---------- GIVEN DATA

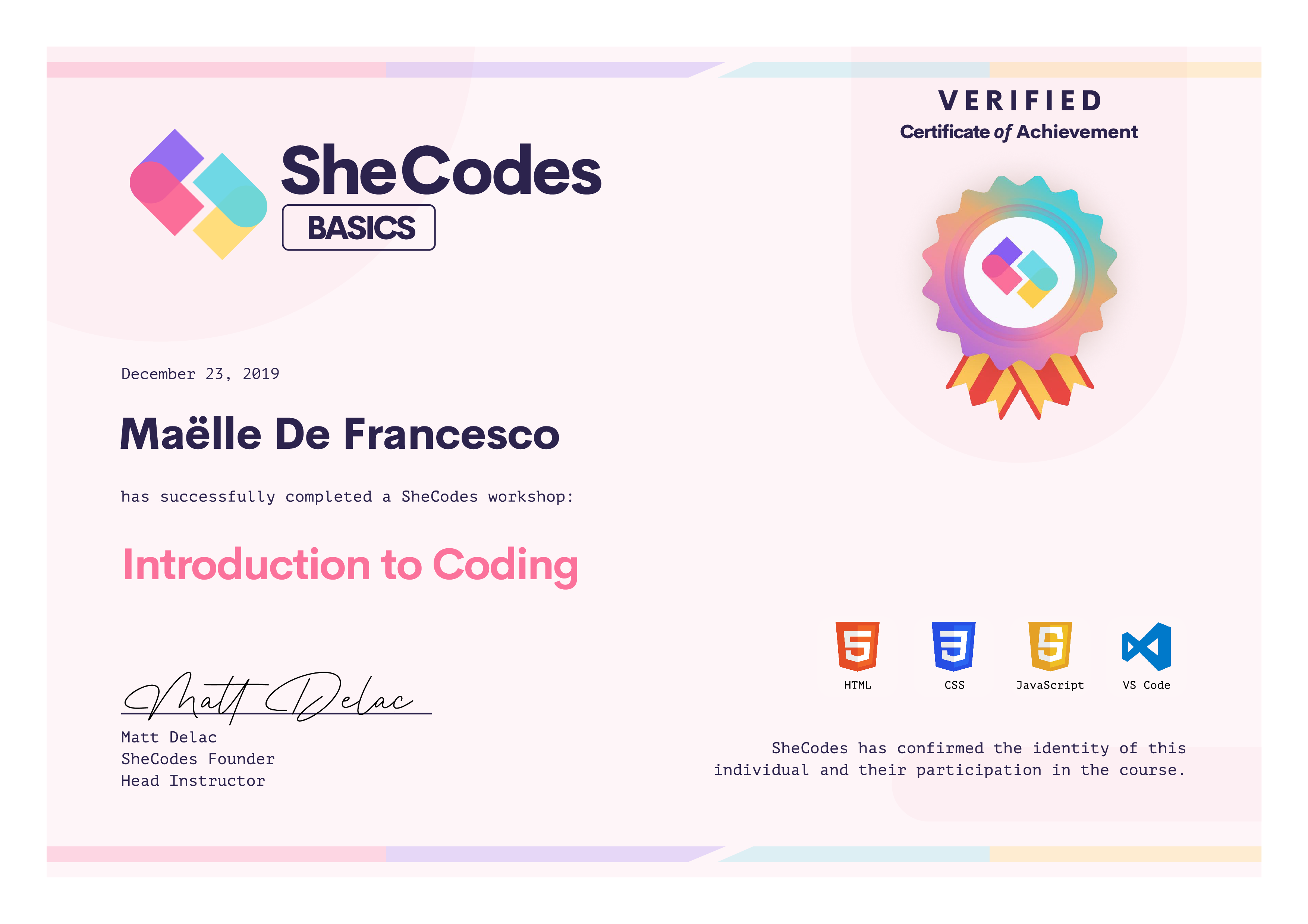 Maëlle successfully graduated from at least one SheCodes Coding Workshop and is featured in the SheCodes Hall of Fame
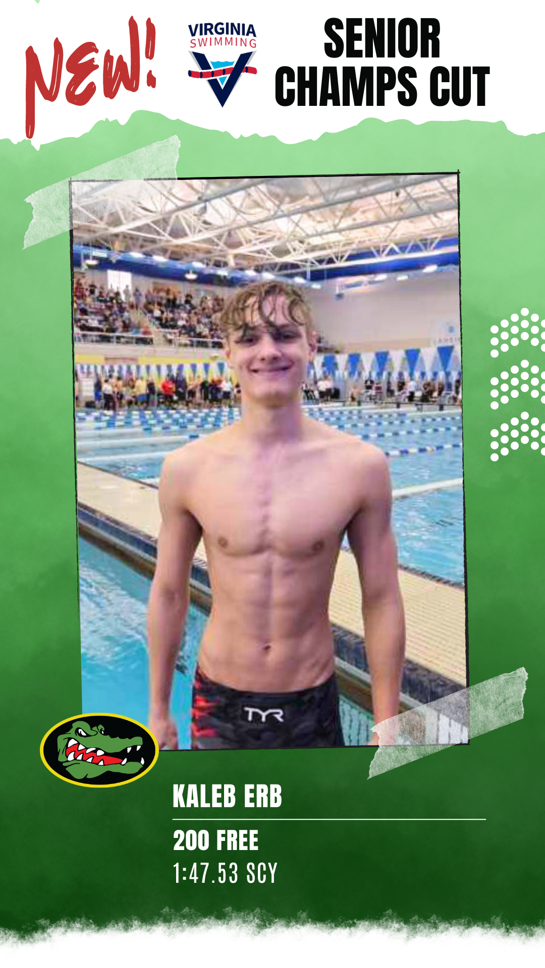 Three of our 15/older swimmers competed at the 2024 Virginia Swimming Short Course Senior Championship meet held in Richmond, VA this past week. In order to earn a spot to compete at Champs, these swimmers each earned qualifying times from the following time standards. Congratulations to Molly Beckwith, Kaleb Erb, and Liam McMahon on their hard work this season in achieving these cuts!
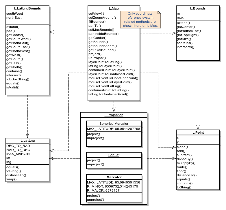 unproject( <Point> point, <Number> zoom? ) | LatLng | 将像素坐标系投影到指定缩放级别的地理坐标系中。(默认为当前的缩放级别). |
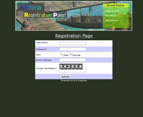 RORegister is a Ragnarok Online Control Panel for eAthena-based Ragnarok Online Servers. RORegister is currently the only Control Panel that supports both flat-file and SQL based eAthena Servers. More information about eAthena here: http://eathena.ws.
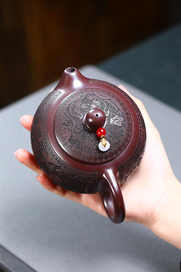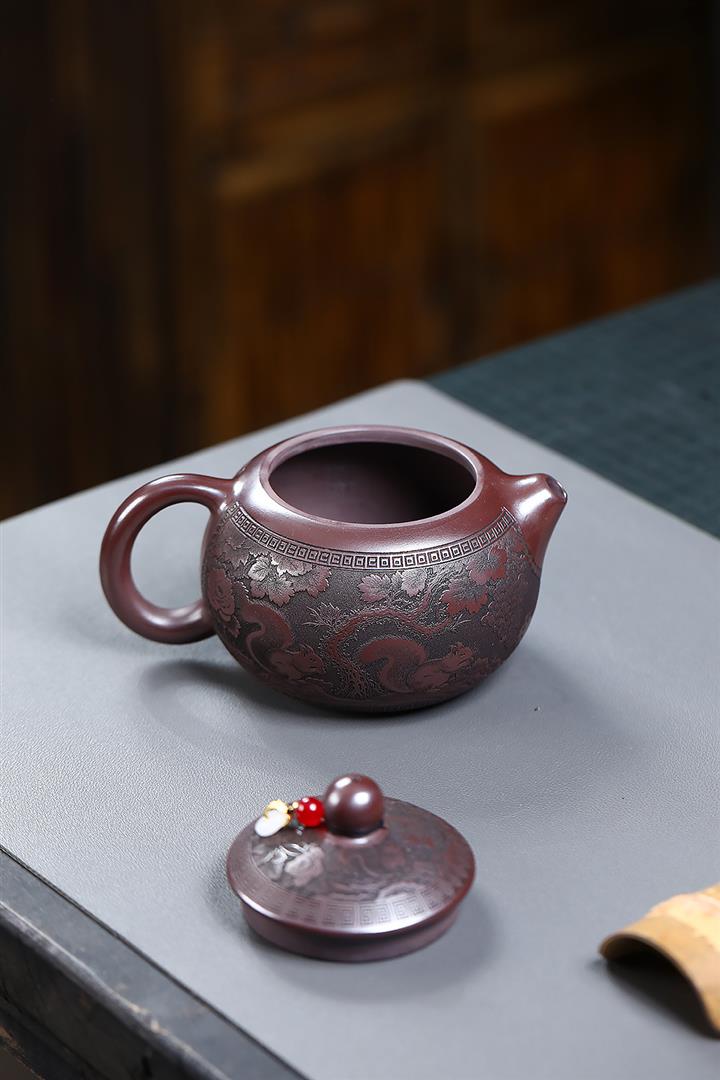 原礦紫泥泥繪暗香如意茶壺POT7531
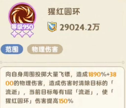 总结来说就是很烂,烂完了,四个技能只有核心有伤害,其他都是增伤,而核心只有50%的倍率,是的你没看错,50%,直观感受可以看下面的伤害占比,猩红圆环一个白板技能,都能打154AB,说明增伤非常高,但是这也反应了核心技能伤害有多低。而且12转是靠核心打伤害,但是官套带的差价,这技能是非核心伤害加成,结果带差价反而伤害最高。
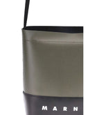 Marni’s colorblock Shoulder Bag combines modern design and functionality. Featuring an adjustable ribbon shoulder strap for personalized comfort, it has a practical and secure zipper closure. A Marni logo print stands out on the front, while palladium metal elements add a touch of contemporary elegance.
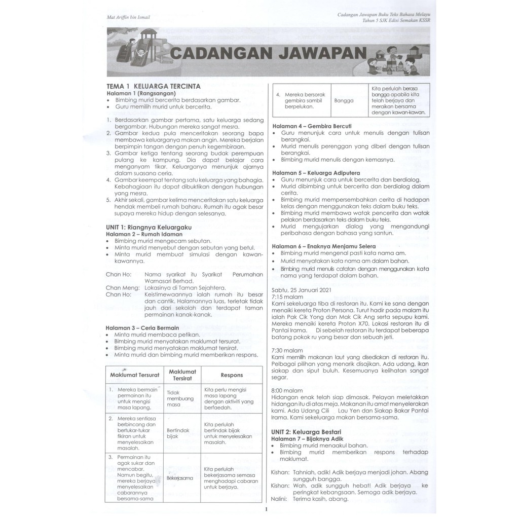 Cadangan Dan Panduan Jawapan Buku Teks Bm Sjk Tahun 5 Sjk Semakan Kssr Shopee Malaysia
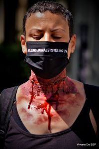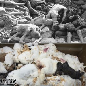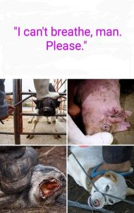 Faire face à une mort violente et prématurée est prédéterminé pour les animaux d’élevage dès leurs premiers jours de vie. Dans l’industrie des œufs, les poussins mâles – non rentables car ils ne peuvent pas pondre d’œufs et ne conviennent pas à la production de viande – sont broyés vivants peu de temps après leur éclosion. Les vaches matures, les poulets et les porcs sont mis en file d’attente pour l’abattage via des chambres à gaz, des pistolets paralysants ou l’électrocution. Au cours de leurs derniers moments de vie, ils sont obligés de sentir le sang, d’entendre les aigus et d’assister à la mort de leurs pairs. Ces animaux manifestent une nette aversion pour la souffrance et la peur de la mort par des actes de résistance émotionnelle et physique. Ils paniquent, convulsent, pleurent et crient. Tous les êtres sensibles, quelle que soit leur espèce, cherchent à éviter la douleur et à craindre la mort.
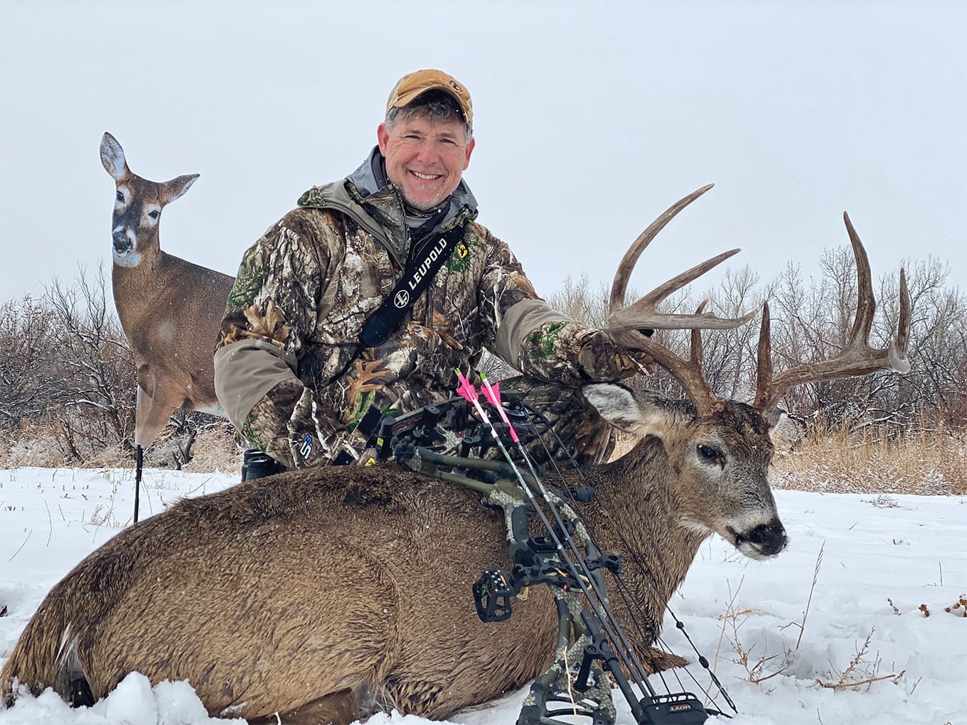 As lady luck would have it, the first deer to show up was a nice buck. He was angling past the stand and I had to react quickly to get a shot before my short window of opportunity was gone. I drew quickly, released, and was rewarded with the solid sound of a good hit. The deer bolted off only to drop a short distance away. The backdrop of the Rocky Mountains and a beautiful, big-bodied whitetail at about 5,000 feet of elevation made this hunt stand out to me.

--------------------

• _WHAT YOU WILL DO_
For the records above, give every line again exactly and skip the pictures.

• _THE ANSWER_
 Maëlle successfully graduated from at least one SheCodes Coding Workshop and is featured in the SheCodes Hall of Fame
 Three of our 15/older swimmers competed at the 2024 Virginia Swimming Short Course Senior Championship meet held in Richmond, VA this past week. In order to earn a spot to compete at Champs, these swimmers each earned qualifying times from the following time standards. Congratulations to Molly Beckwith, Kaleb Erb, and Liam McMahon on their hard work this season in achieving these cuts!
 unproject( <Point> point, <Number> zoom? ) | LatLng | 将像素坐标系投影到指定缩放级别的地理坐标系中。(默认为当前的缩放级别). |
 RORegister is a Ragnarok Online Control Panel for eAthena-based Ragnarok Online Servers. RORegister is currently the only Control Panel that supports both flat-file and SQL based eAthena Servers. More information about eAthena here: http://eathena.ws.
 原礦紫泥泥繪暗香如意茶壺POT7531
 总结来说就是很烂,烂完了,四个技能只有核心有伤害,其他都是增伤,而核心只有50%的倍率,是的你没看错,50%,直观感受可以看下面的伤害占比,猩红圆环一个白板技能,都能打154AB,说明增伤非常高,但是这也反应了核心技能伤害有多低。而且12转是靠核心打伤害,但是官套带的差价,这技能是非核心伤害加成,结果带差价反而伤害最高。
 Marni’s colorblock Shoulder Bag combines modern design and functionality. Featuring an adjustable ribbon shoulder strap for personalized comfort, it has a practical and secure zipper closure. A Marni logo print stands out on the front, while palladium metal elements add a touch of contemporary elegance.
 Cadangan Dan Panduan Jawapan Buku Teks Bm Sjk Tahun 5 Sjk Semakan Kssr Shopee Malaysia
 Faire face à une mort violente et prématurée est prédéterminé pour les animaux d’élevage dès leurs premiers jours de vie. Dans l’industrie des œufs, les poussins mâles – non rentables car ils ne peuvent pas pondre d’œufs et ne conviennent pas à la production de viande – sont broyés vivants peu de temps après leur éclosion. Les vaches matures, les poulets et les porcs sont mis en file d’attente pour l’abattage via des chambres à gaz, des pistolets paralysants ou l’électrocution. Au cours de leurs derniers moments de vie, ils sont obligés de sentir le sang, d’entendre les aigus et d’assister à la mort de leurs pairs. Ces animaux manifestent une nette aversion pour la souffrance et la peur de la mort par des actes de résistance émotionnelle et physique. Ils paniquent, convulsent, pleurent et crient. Tous les êtres sensibles, quelle que soit leur espèce, cherchent à éviter la douleur et à craindre la mort.
 As lady luck would have it, the first deer to show up was a nice buck. He was angling past the stand and I had to react quickly to get a shot before my short window of opportunity was gone. I drew quickly, released, and was rewarded with the solid sound of a good hit. The deer bolted off only to drop a short distance away. The backdrop of the Rocky Mountains and a beautiful, big-bodied whitetail at about 5,000 feet of elevation made this hunt stand out to me.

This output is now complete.